What kind of gravy you choose depends on what you have on hand, though pork gravy is a classic. If you have no gravy, and don’t want to use canned or packaged gravy, a sauce made of the same fat you roasted the potatoes in or butter plus a good broth will serve just as well unless you are a poutine purist. I used chicken fat with olive oil to roast my potatoes so I made a chicken gravy.

When I make poutine, I figure on one large or two medium potatoes per person. It goes without saying, I guess, that you can use frozen French fries and just follow the instructions for heating them up. Curds come in pint-sized containers and half a container or a generous cup-full is fine for two people, but you can use more or less according to taste or appetite. One half to one cup full of gravy is plenty for two people.

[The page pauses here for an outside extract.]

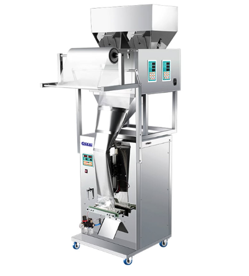 เครื่องบรรจุและผสมสองหัวอัตโนมัติเต็มรูปแบบ เครื่องบรรจุสองระดับสำหรับเม็ด ผง ข้าว สมุนไพร ปุ๋ย เครื่องบรรจุเชิงปริมาณ เครื่องชั่งและบรรจุถุงสำหรับโรงสีแป้ง
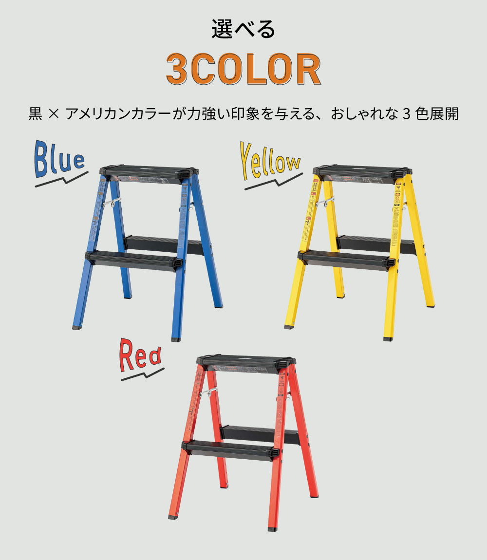 脚立 アルミ おしゃれ 踏み台 ステップ 折りたたみ式 アウトドア アメリカン コンパクト シンプル 高さ29 完成品 青 赤 黄色

One secret to preparing the potatoes is to remember to have a very hot oven, and to make sure there is a single layer of potatoes to insure that they will be crisp and golden. At 475 degrees Fahrenheit, the potatoes will roast in 15 to 20 minutes.

Poutine for Two

Serves 2

–2-3 tablespoons fat or vegetable oil

–2 large or 4 medium potatoes, peeled and cut into fries

–Half a pint of cheese curds

–1 cup gravy

–Salt and pepper to taste

Heat the oven to 475 degrees Fahrenheit.

Melt the fat and oil together in a heavy baking or roasting pan.

Distribute the potatoes in the pan, tossing to coat all sides with oil, but making sure there is a single layer. Put them into the oven.

Check the potatoes after 10 minutes and if they are golden on the pan side flip them over and put them back for another 10 minutes.

Meanwhile, make the gravy or heat up pre-made gravy.

When the potatoes are golden brown, add the curds to them and toss to distribute, and stick them back into the oven to melt the cheese, about 3 minutes.

Remove from the oven and dribble the gravy over the potatoes and cheese and serve.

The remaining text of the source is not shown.